Genau diese Fragen stellten sich Wissenschaftlerinnen und Wissenschaftler verschiedener Fachrichtungen im Jahr 2009. So identifizierten sie neun ökologische Schlüsselbereiche, die als planetare Grenzen bezeichnet werden.
Das Konzept zeigt, wie stark menschliche Aktivitäten das Erdsystem beeinflussen und wo Risiken für Stabilität und Widerstandsfähigkeit liegen. Es beschreibt zentrale, lebenswichtige Vorgänge, die die Lebensgrundlagen unseres Planeten sichern. Werden ihre Grenzen überschritten, steigt die Gefahr großräumiger, abrupter oder irreversibler Veränderungen.
Innerhalb dieser Grenzen, so die Arbeitsgruppe, könne sich die Menschheit entwickeln und fortbestehen. Ein Überschreiten hingegen gefährdet die ökologischen Grundlagen und stellt ein Risiko für zukünftige Generationen dar.

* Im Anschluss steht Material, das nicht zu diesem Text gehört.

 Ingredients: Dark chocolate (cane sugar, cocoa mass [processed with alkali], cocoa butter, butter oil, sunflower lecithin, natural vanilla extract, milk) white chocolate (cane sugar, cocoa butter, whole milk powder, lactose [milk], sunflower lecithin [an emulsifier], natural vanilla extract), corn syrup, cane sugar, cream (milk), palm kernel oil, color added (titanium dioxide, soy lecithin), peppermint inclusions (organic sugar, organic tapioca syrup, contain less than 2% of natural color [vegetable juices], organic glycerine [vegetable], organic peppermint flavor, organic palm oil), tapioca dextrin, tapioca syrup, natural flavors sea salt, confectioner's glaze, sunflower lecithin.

Schon im Jahr 2009 zeigte sich: drei der neun Grenzen waren überschritten. Nur wenige Jahre später, im zweiten Update 2015, kam eine weitere hinzu, nun waren es bereits vier. Das bislang aktuellste Update von 2025 zeichnet ein alarmierendes Bild: sieben der neun planetaren Grenzen sind überschritten.
Der aktuelle Stand:
Überschrittene Grenzen (außerhalb des grünen Bereichs)
- Klimawandel
- Überladung mit neuartigen Stoffen
- Veränderung in biogeochemischen Kreisläufen (Stickstoff- und Phosphorkreisläufe)

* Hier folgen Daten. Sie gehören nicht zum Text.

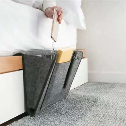 All Within Arms Reach. The bedside pocket can store all of your belongings together by your side while on bed, sofa or desk which have a safe and standard place, and no more lost things. More strong and durable, hold heavier things and will not be deformed

- Veränderung in Süßwassersystemen
- Veränderung der Landnutzung
- Veränderung in der Integrität der Biosphäre
- Ozeanversauerung
Noch nicht überschritten
- Ozonabbau in der Stratosphäre
- Zunahme der Aerosolbelastung
Damit ist klar: Wir bewegen uns zunehmend in einem instabilen System.
Das große Ganze
Die neun Grenzen hängen zusammen. Kippt eine, gerät auch die nächste ins Wanken. Deshalb reicht es nicht, nur den Klimawandel zu betrachten, sondern auch Wasser, Böden, Wälder, Luft und Artenvielfalt, weil sie im Großen und Ganzen unsere Lebensgrundlagen bilden. Das Konzept erinnert uns daran, wie wichtig ein achtsamer Umgang mit unseren natürlichen Ressourcen ist.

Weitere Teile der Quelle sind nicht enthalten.